Five years later, Orpik would shine on an even more important stage, in an even more unexpected way. In the second game of the 2018 Stanley Cup Final versus the Vegas Golden Knights, Orpik snuck a slapshot past his former Penguins teammate Marc-Andre Fleury for his first goal in over two years. Washington would go on to win the game 3-2.

Game 2 highlights courtesy of Sportsnet. Orpik’s goal at 1:46.

The following year, in a season where Orpik fought through knee pain since October, he delivered one last dramatic moment with what turned out to be his final NHL goal. In the second game of the Capitals’ first-round series with the Carolina Hurricanes, which the Capitals would eventually lose in seven games, Orpik scored the overtime, game-winner.

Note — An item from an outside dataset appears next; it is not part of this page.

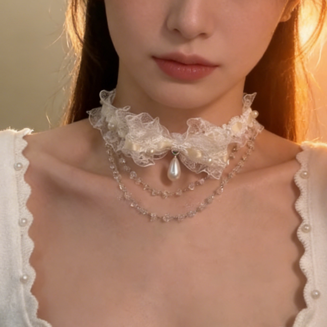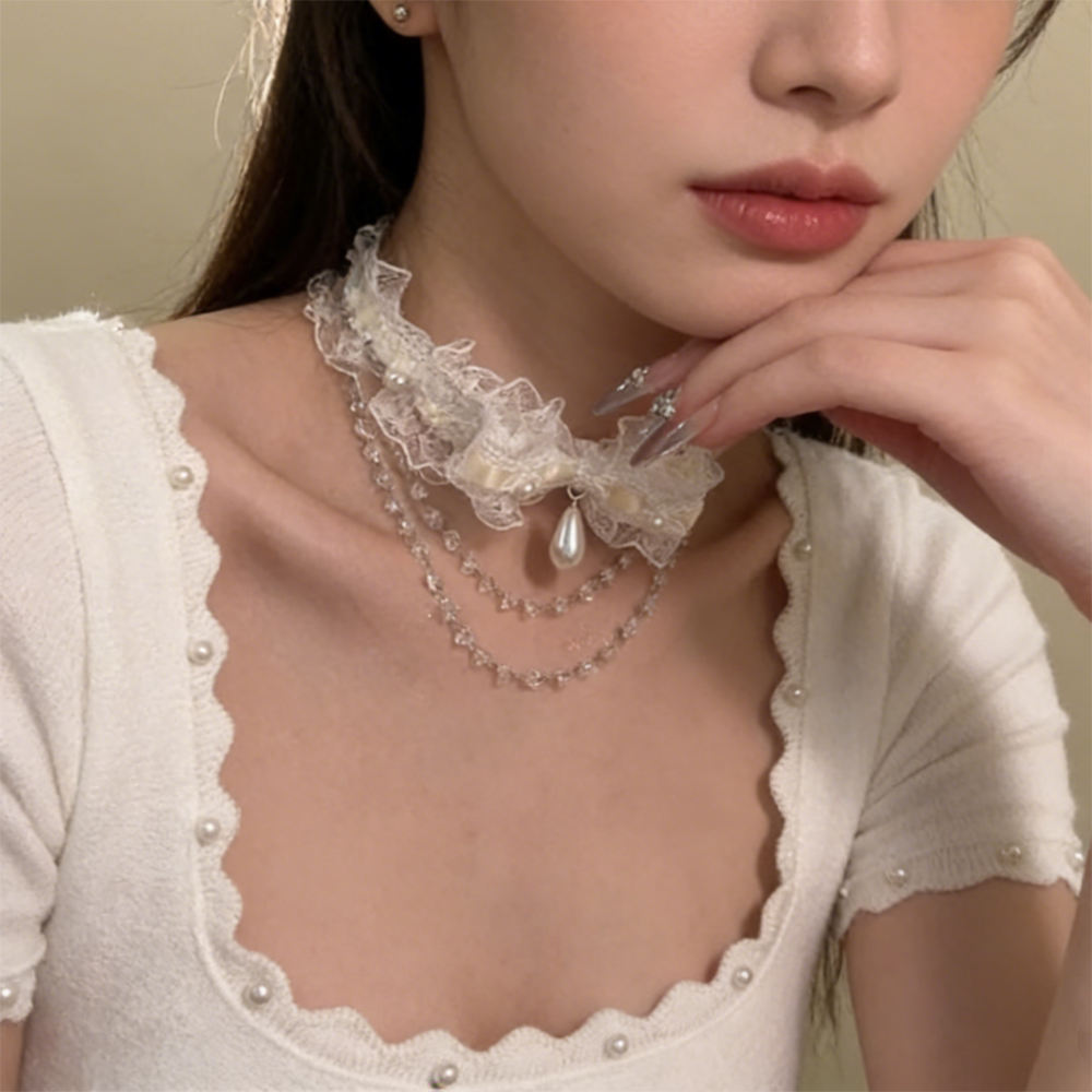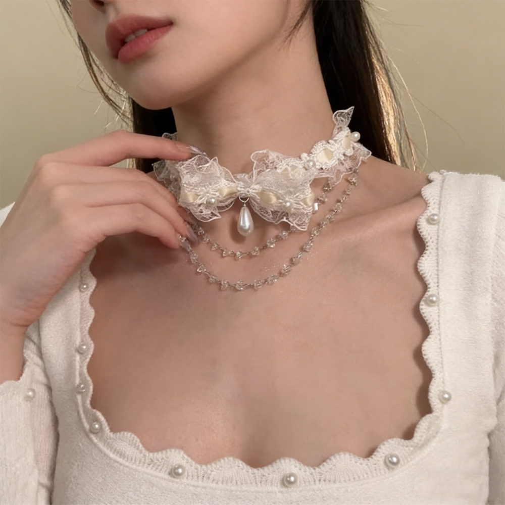 超仙白色蝴蝶结蕾丝choker流苏颈带纯欲风气质项链女甜美锁骨链

Clip courtesy National Hockey League / NBC Sports.

Orpik Becoming “Batya”

While Orpik’s physical style of play may not have won over any opposing teams’ fanbases – in fact, the Määttä incident lost him much of the ten seasons worth of respect he had garnered with the Penguins faithful – his Capitals teammates took to him as a locker-room inspiration during their 2018 Stanley Cup run.

At 37-years-old by the 2017-18 season, by far the oldest member of the Stanley Cup champion roster, Orpik emerged as a father figure for the Capitals – so much so that he earned the nickname “Batya”, Russian for “father” or “dad”. Teammates such as Jakub Vrana and Madison Bowey attest to Orpik’s sense of humor, which kept the team afloat in dire situations such as the Capitals’ seven-game losing streak in January 2019 which threatened to derail their hopes of even making the postseason.

Brooks Orpik
Brooks Orpik at the Washington Capitals Stanley Cup parade. (Sammi Silber/THW)

Despite this, and the championship he helped bring to Washington, it was clear Orpik was on his last legs. The Capitals traded him to the Colorado Avalanche less than three weeks after the season, only for the Avs to buy him out. Washington re-signed him on July 25th, but the grizzled defender was never at full strength for the 2018-19 season following a knee injury in October which required surgery. At its lowest point, according to NBC Sports’ Rob Carlin, Orpik was forced to “use the elevator at [Capital One Arena] to go up and down cause [he] couldn’t go up and down stairs.”

Ultimately, the pain in his knee convinced Orpik that he would not play another NHL season. He retires with two Stanley Cups, an Olympic silver medal, and a reputation as a jovial, hard-working team leader beloved by all who played with him.